◆ TASK DIRECTIONS:
Your output should be the complete listing, word for word, with no pictures in it.

◆ DATASET CONTENT:
========

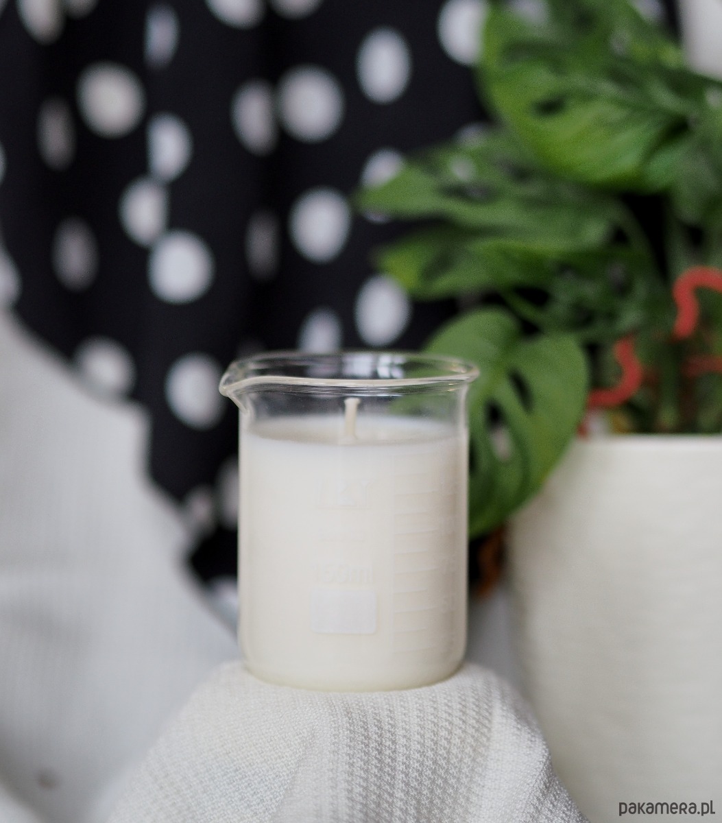 Świeca sojowa w szklanej zlewce laboratoryjnej
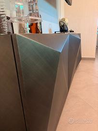 Questa madia si distingue per le sue ante tridimensionali con finitura diamantata, che creano giochi di luce e ombre, conferendo dinamismo e raffinatezza a qualsiasi ambiente.
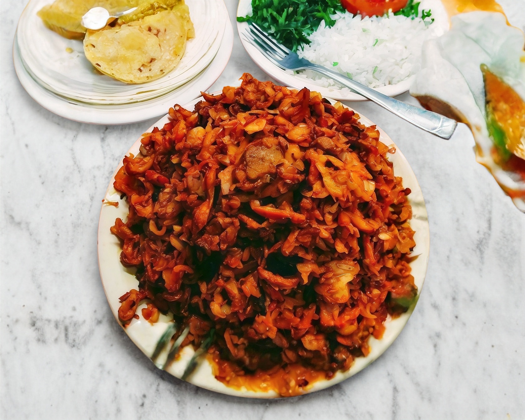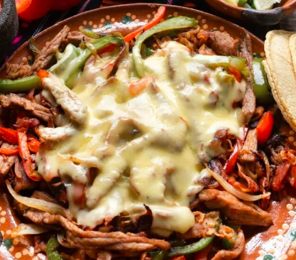 450 g De carne aproximadamente de tu elección cocinada con pimiento y cebolla.
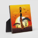 Beautiful Woman African Silhouette dressed with Wax traditional Fabric Dress, carrying a hand made decorated jar, Walking in the Amazing Nature of the African Savanna, on a warm and Peaceful Sunset. Original Vector Illustration Copyright BluedarkArt TheChameleonArt.

========

◆ OUTPUT OF THE TASK:
 Świeca sojowa w szklanej zlewce laboratoryjnej
 Questa madia si distingue per le sue ante tridimensionali con finitura diamantata, che creano giochi di luce e ombre, conferendo dinamismo e raffinatezza a qualsiasi ambiente.
 450 g De carne aproximadamente de tu elección cocinada con pimiento y cebolla.
 Beautiful Woman African Silhouette dressed with Wax traditional Fabric Dress, carrying a hand made decorated jar, Walking in the Amazing Nature of the African Savanna, on a warm and Peaceful Sunset. Original Vector Illustration Copyright BluedarkArt TheChameleonArt.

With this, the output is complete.